Unfortunately, ODP Site 893 was only drilled to a depth of 200 meters below the seafloor, which goes back to ~160 ka.

Santa Barbara Basin is situated in the middle of a young, active fault-and-fold belt, and much of this deformation is <1 Ma. The global climate record produced and preserved in the basin is present in large part because of the basin’s unique location within this tectonically active region. Where most paleoceanographers avoid areas of tectonic disruption, we have embraced them. Detailed mapping of high-resolution multichannel seismic (MCS) reflection data and stratigraphic correlation with existing well data, indicate that continuous Quaternary strata originally deposited in the deep basin were subsequently uplifted, folded, and in places eroded across young, active fault-related fold structures in the eastern Santa Barbara Channel. These older strata are exposed at or near the seafloor, where they are now accessible to piston coring. In 2005, we were able to systematically recover substantial sections of many of these older late-Quaternary sedimentary sequences back to about 700 ka.
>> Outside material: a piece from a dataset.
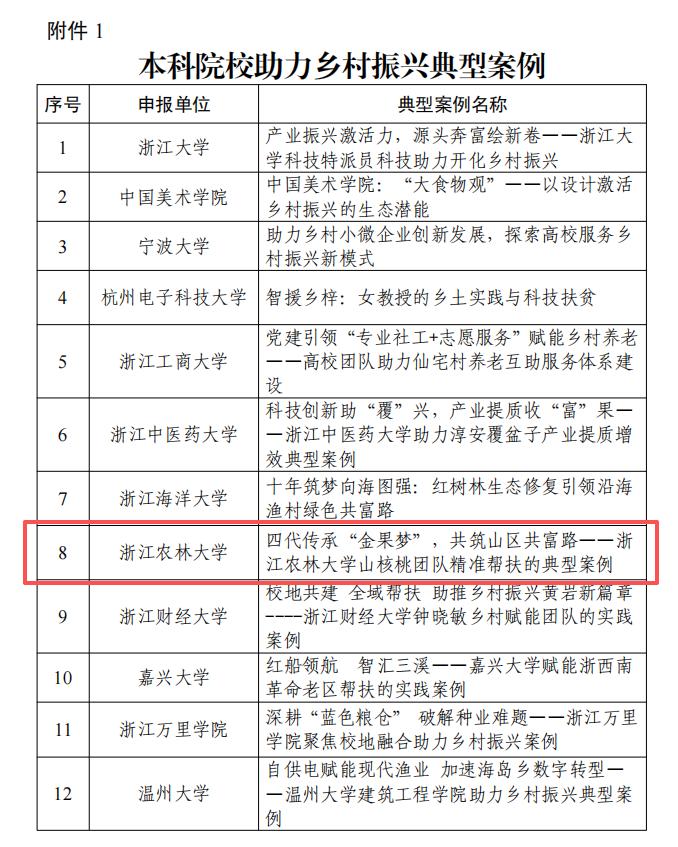 近日,浙江省教育厅发布了第四届高校助力乡村振兴典型案例评选结果。Beat365推选的《四代传承“金果梦”,共筑山区共富路——Beat365中文官方网站山核桃团队精准帮扶的典型案例》成功入选,成为全省15个本科院校助力乡村振兴典型案例之一。

We now intend to use this methodology to extend the spot record back to 1.2 Ma, to test the hypothesis that climatic sensitivity to high-frequency oscillations developed at the Mid-Pleistocene Transition (~800 ka) and to make the case for continuous coring by the new Integrated Ocean Drilling Project.

Biography: Dr. Richard J. (Rick) Behl is Professor of Geological Sciences at California State University Long Beach, where he is also on the faculty of the Environmental Sciences and Policy program, and a founding member of the Institute for Integrated Research in Materials, Environment, and Society (IIRMES), a teaching and research consortium of geologists, archaeologists, and biologists. Behl earned his Bachelors degree from UC San Diego, his PhD at UC Santa Cruz, and was a Post-Doctoral Fellow at UC Santa Barbara. He has participated in numerous international ocean coring expeditions, consults for the petroleum industry, and was an AAPG Distinguished Lecturer and President of the Pacific Section SEPM. His expertise is in sedimentary geology, particularly as it relates to the climatic, oceanographic, and tectonic evolution of the California margin and the Pacific Ocean. Behl’s research focuses on the Quaternary Santa Barbara Basin and the Miocene Monterey Formation.